Advantages of Electrospinning Biomimetic Scaffolds for the Current Trend of Tissue Engineering Applications

Abstract

The need for artificial human implants has largely increased recently due to the scarcity of organ donors. Currently, lots of work is taking place in tissue-engineered scaffolds preparation for the replacement of damaged human body parts. Biomimetic nanofibrous scaffolds can mimic the native extracellular matrix (ECM) and provide properties suitable to restore natural tissue performances for tissue regeneration in biomedical applications. The scaffolds prepared should be biocompatible with suitable properties to mimic the natural ECM. These biomimetic artificial scaffolds for human implants are actively produced using electrospun fibrous mats. Electrospinning is more advantageous for fabricating biomimicking scaffolds for tissue engineering applications. Specific functional materials can be easily incorporated with fibers using this electrospinning technique. It is an advanced, cheapest, simple, and high-yielding technique used to produce polymeric fibers at nanoscale levels, which are very useful for face masks and biomimetic scaffolds.

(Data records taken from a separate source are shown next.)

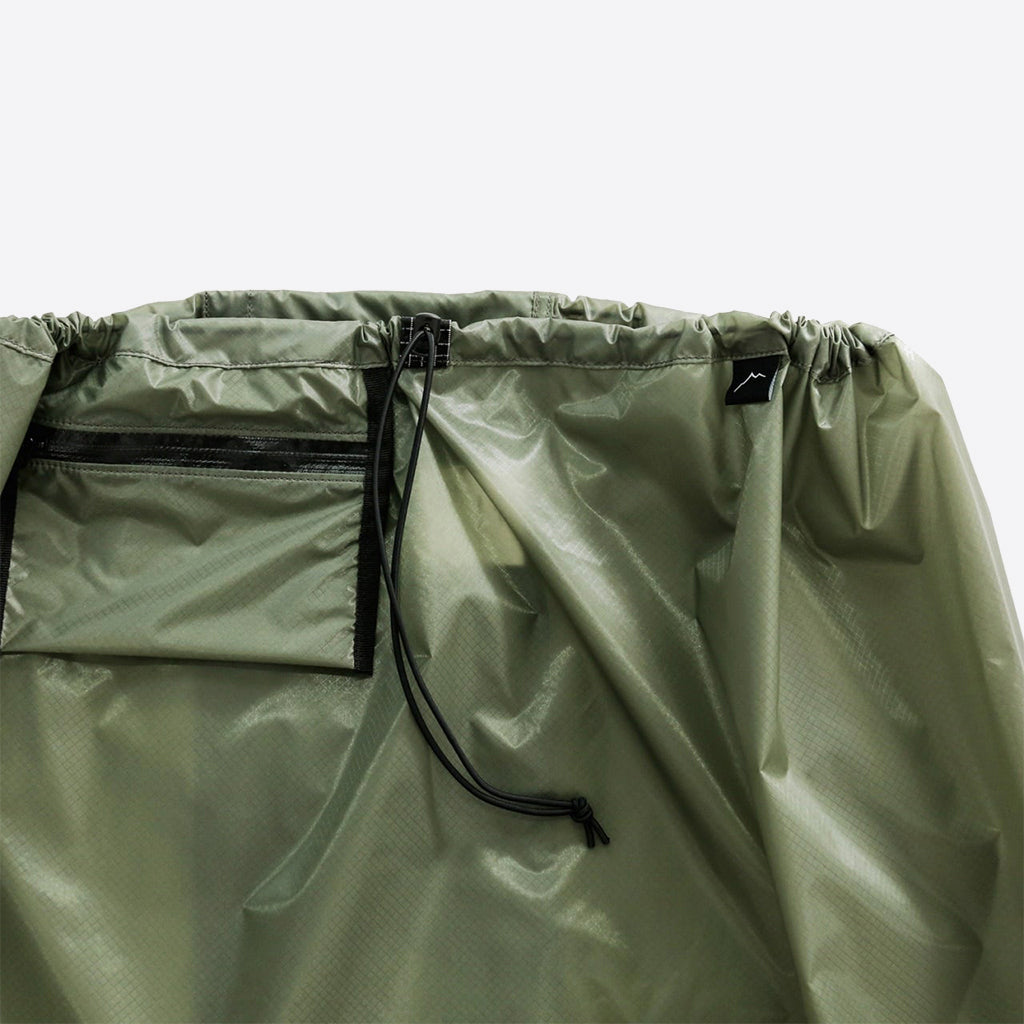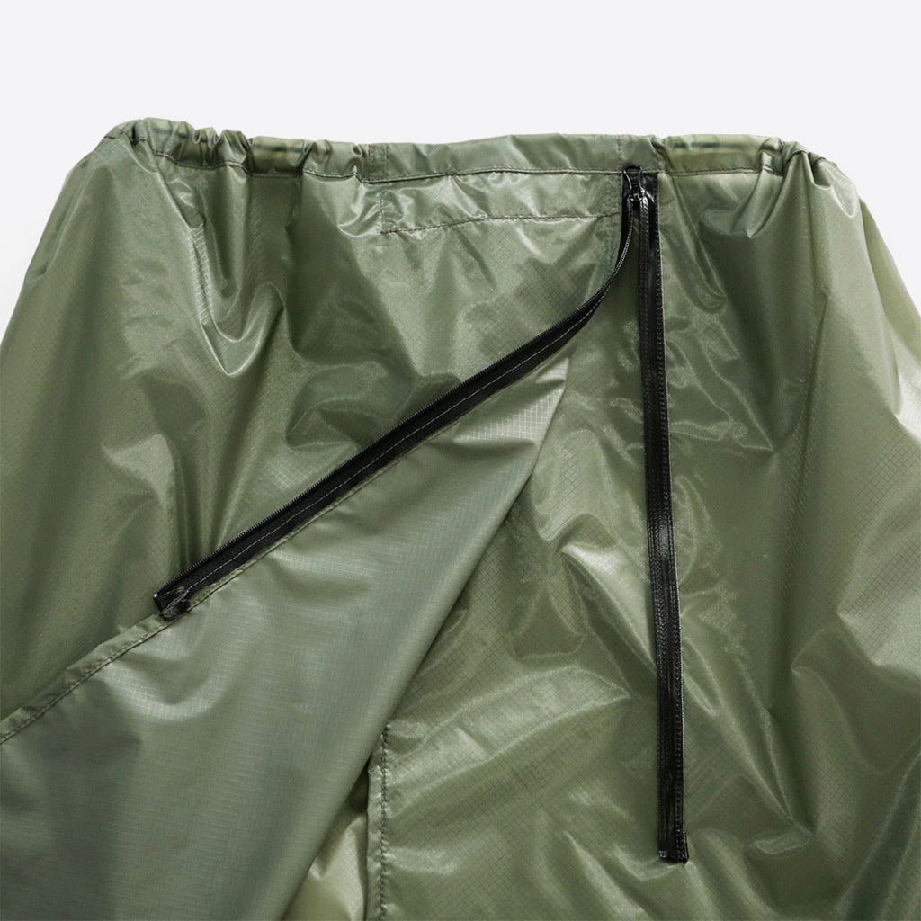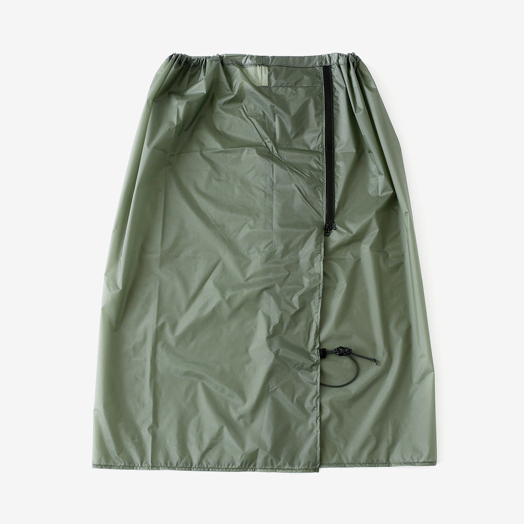 CAYL『Hiking Skirt』は、レインスカートだけでなく、ポンチョのようにも着用できるユニークなアイテム。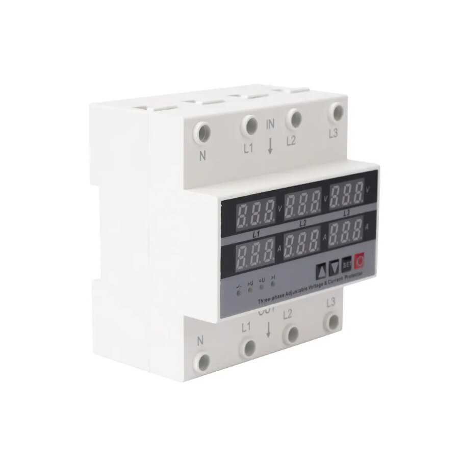 Купить Реле контроля напряжения трехфазное с защитой от перегрузки по току 63А / Многофункциональное защитное устройство на DIN рейку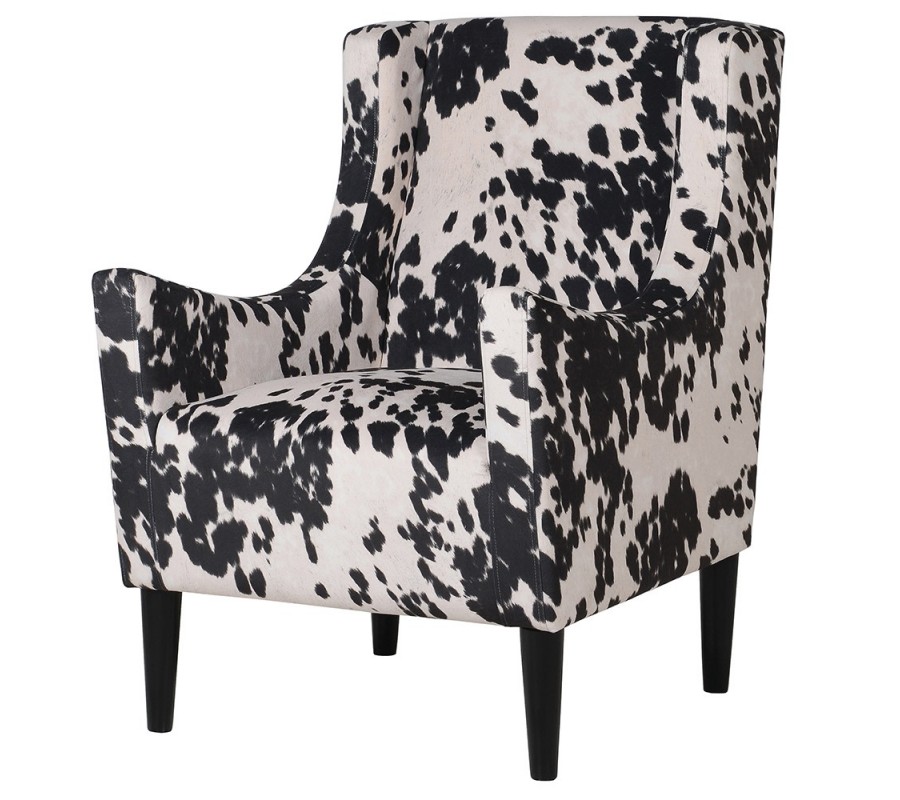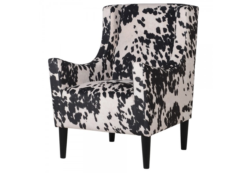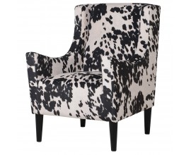 Dizajnové moderné čalúnené kreslo Holstein s poťahom s dizajnom čierno-bielej kravskej kože 98 cm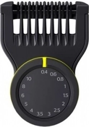 De draaibare kam met draaiknop zorgt voor kleine stappen en exacte controle over de trimlengte voor stoppelbaard, baard en lichaam.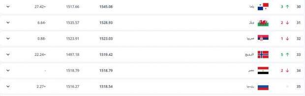 ويحتل منتخب مصر في الوقت الحالي المركز 34 في تصنيف «فيفا» الأخير برصيد 1518.79 نقطة قبل خوضه مباراتي إثيوبيا وبوركينا فاسو، ويسعى حسام حسن خلال معسكر سبتمبر الجاري للفوز على منافسيه من أجل التقدم مجددا في التصنيف العالمي للمنتخبات.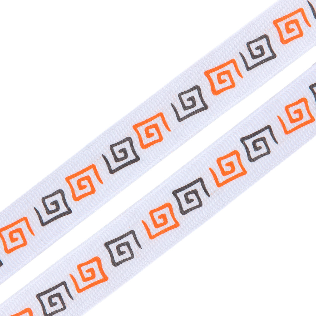 Лента репсовая (в рубчик) Орнамент Меандр, 15 мм, 3м, белый/оранжевый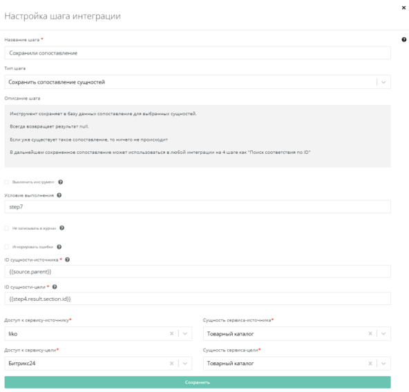 Используем инструмент Сохранить сопоставление сущностей. Условие выполнения - step7. ID сущности-источника - {{source.parent}}. ID сущности-цели - {{step4.result.section.id}}. Сопоставляем каталоги.

Recently, researchers are focusing on electrospun nanofibrous materials for various applications due to their extensive properties like high porous structure and suitable biochemical and mechanical properties. This review summarizes the details of novel polymeric or non-polymeric materials used to fabricate nanofibrous scaffolds and its parameters optimization for the nanofibrous structure to inherit multifunctional properties of nanofibers as scaffolds for tissue engineering. The advantages of electrospun nanofibrous mats for bioinspired artificial implants are also summarized, concentrating on electrospinning materials and fabrication parameters. It also briefs the latest developments of electrospun polymeric scaffolds in tissue engineering applications.